North Korea launches a long-range ballistic missile
The country on Thursday launched its first intercontinental ballistic missile (ICBM) since 2017. The new missile reached an altitude of 3,852 miles, reportedly much higher than past tests, and splashed down in the waters off Japan’s western coast, Japan’s Defense Ministry said. The test was meant to signal that the weapon could have the range to strike the U.S., the New York Times reports.
The launch ends a self-imposed moratorium on nuclear and ICBM tests, which the country’s head Kim Jong-un announced in 2018 after meeting with former President Donald Trump. At the time, Trump declared that North Korea was “no longer a nuclear threat.”
What’s known about the new missile?
Experts believe the missile is a new weapon, called the Hwasong-17. Early data indicates it could have a maximum range of about 9,320 miles, which would theoretically allow it to reach the U.S., a professor at the University of North Korean Studies in Seoul told CNN. It also may have the ability to lift multiple nuclear warheads.
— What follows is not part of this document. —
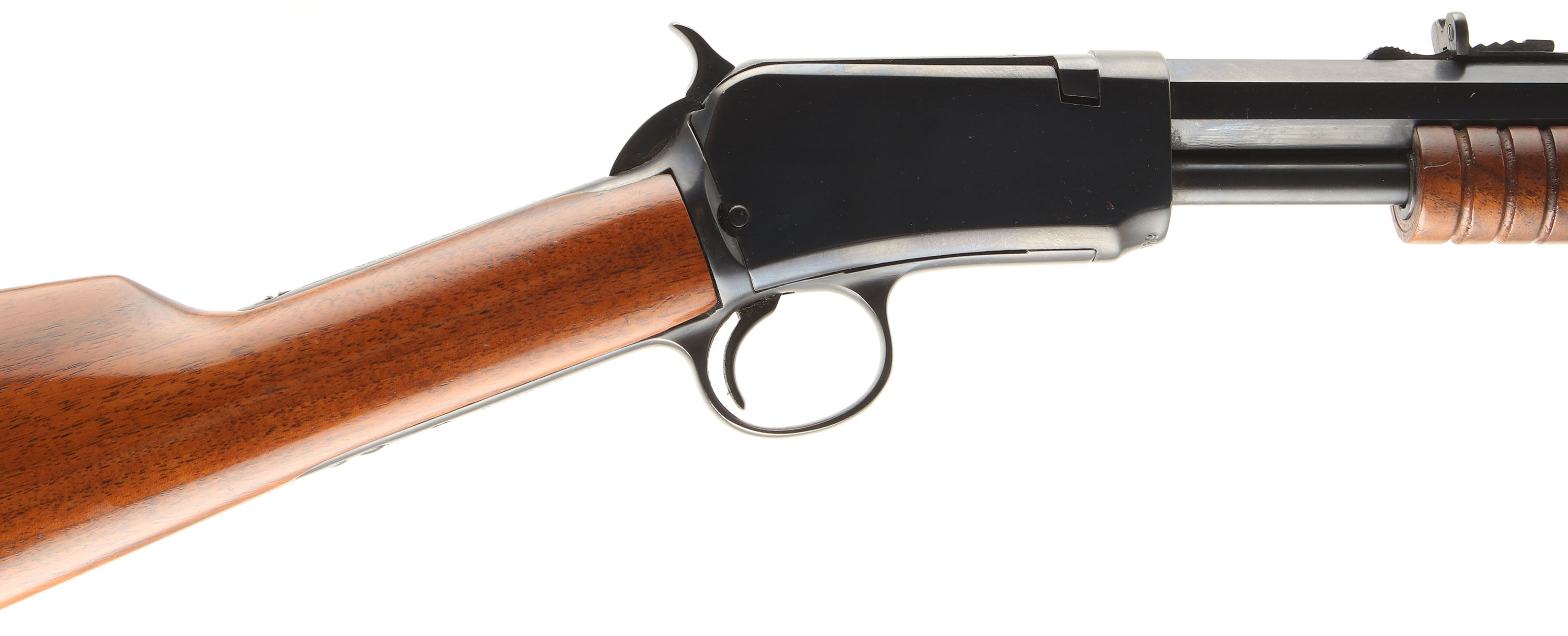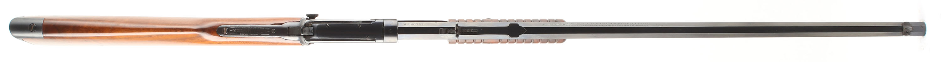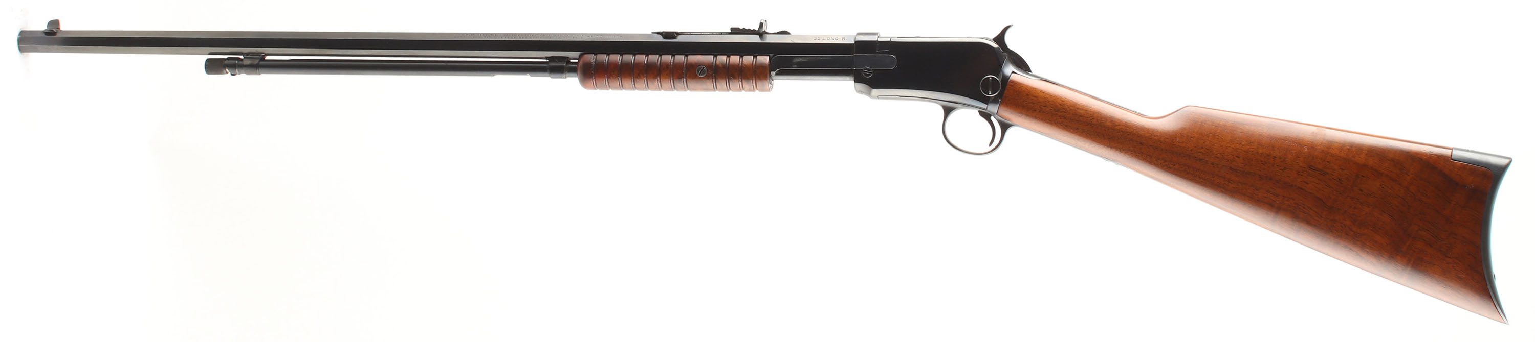 Winchester, Model 90, .22 LONG R. Cal., MFG: 1919 SN: 626385, Slide Action Pump, 24'' Tapered octagon barrel. This Rifle has been fully restored. The L.R, only caliber is the rarest & most desired caliber amongst collectors as only 10% of total production was this caliber. The L.R. caliber was added in the mod 90 line-up in 1919 making this a 1st year rifle with this caliber. The original wood stocks are excellent, as lightly sanded & expertly refinished. There are very few tiny handling marks to the excellent finish. The restored metal blue finish rates 95% overall. Bore is fair, with cleaned roughness & a ring in the thin rifling mid barrel, no bulge. Barrel carries an adjustable rear & blade front sights. Factory crescent steel buttplate. A sharp example of a restored single caliber mod 90. FFL or C&R Req. - Value: 800 to 1200

But it’s still unclear whether Pyongyang has mastered the technology to actually fly a missile across the Pacific or if its weapons can survive the turbulent re-entry into the atmosphere en route to a target.
The ICBM is also much larger than the Hwasong-15, an earlier iteration which flew to a height of 2,780 miles when the country tested it in 2017.
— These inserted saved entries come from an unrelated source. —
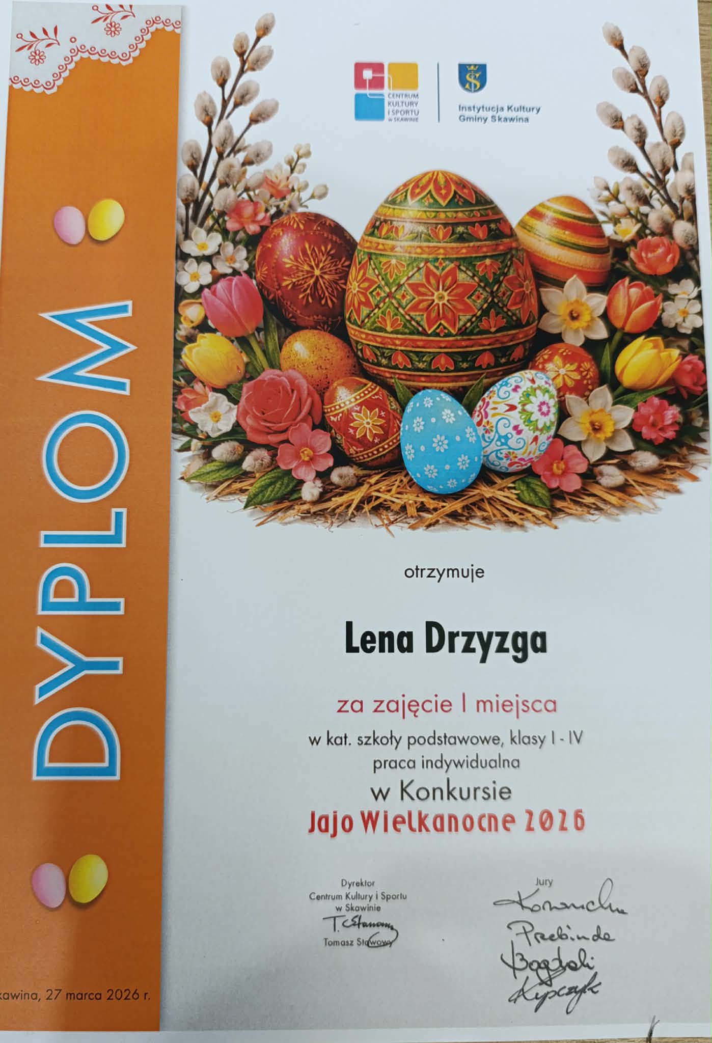27 marca w skawińskim Pałacyku Sokół odbyła się prezentacja prac konkursowych, złożonych w ramach wydarzenia zorganizowanego przez Centrum Kultury i Sportu w Skawinie. Zadaniem uczestników było przygotowanie wielkanocnej pisanki #D w dowolnej technice artystycznej, o wysokości przekraczającej 20 cm. Ogromna ilość złożonych prac sprawiła, że konkursowe Jury miało niezwykle trudne zadanie. Po długich i wymagających obradach, komisja wyłoniła zwycięzców, a wśród nich uczennicę Szkoły Podstawowej w Jaśkowicach. Lena Drzyzga z klasy III zajęła I miejsce w kategorii klas I – IV, prace indywidualne. Lena wykonała niezwykle pracochłonną i wymagającą pisankę, bardzo starannie wyklejoną różnorodnymi nasionami! Serdecznie gratulujemy tak fantastycznego wyniku w konkursie oraz przepięknej i oryginalnej pracy!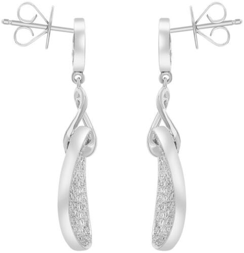 .82CT DIAMOND 14KT WHITE GOLD 3D MATTE & SHINY LOVE KNOT DROP HANGING EARRINGS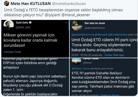 Yİ Parti İstanbul Milletvekili Ümit Özdağ, bazı mesajlarda 'ETÖ'cü (Ergenekon Terör Örgütü) olmakla' suçlandığını açıkladı.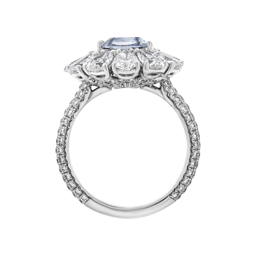 Ring in 18K White gold with pear shape 1.82ct Fancy Vivid Blue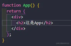 这段代码,这里就是渲染的内容,开启严格模式之后有一个自闭合的app组件,他是引入的一个函数式编程的tsx组件。也就是上面的App.tsx。把App()稍微修改一下。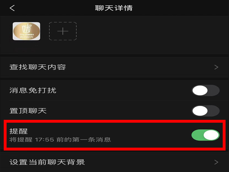 3、在“聊天详情”界面点击“提醒”旁边的符号就可以了。

Why do a missile test now?
Through saber-rattling, Kim Jong-un is hoping to push the Biden administration back into talks over international sanctions. And as the tension escalates between the U.S. and Russia, North Korea’s betting that the two nations won’t band together like they did back in 2017 (after the country tested its last ICBM) to confront Pyongyang.
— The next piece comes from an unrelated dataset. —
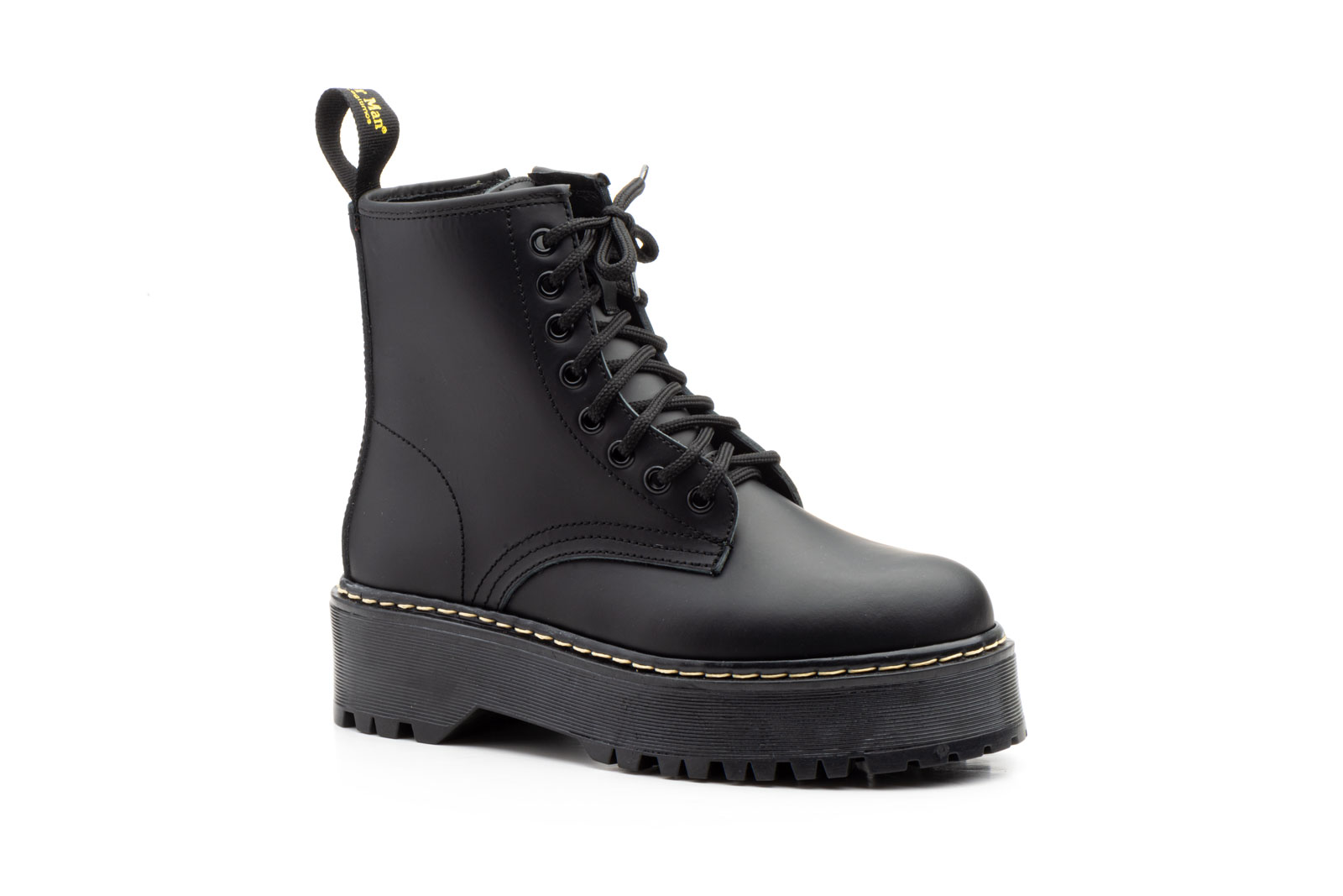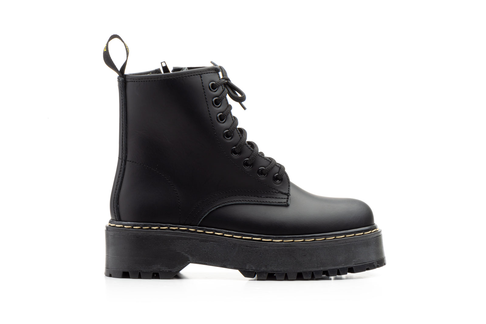 Hecho en España Bota Mujer Piel Negro Cordones Plataforma

“There is no way Russia is going to cooperate at the U.N. Security Council when the United States wants to impose tough sanctions against North Korea,” the director of the Center for North Korean Studies at the Sejong Institute told the NYT.
How has the world reacted?
The White House called the test a “brazen violation” of U.N. Security Council resolutions that “needlessly raises tensions and risks destabilizing the security situation in the region.” President Biden, who’s in Brussels with NATO and Group of 7 leaders to discuss the situation in Ukraine, is “assessing the situation” with his national security team, per a White House statement.
Meanwhile, South Korea fired its own ballistic missiles less than two hours after the North Korean launch as a “retaliatory” show of its own weapons capabilities. “North Korea violated its own moratorium on ICBM tests that it had promised to the international community,” the South Korean military said. “This is a serious threat to peace and stability of the Korean Peninsula.”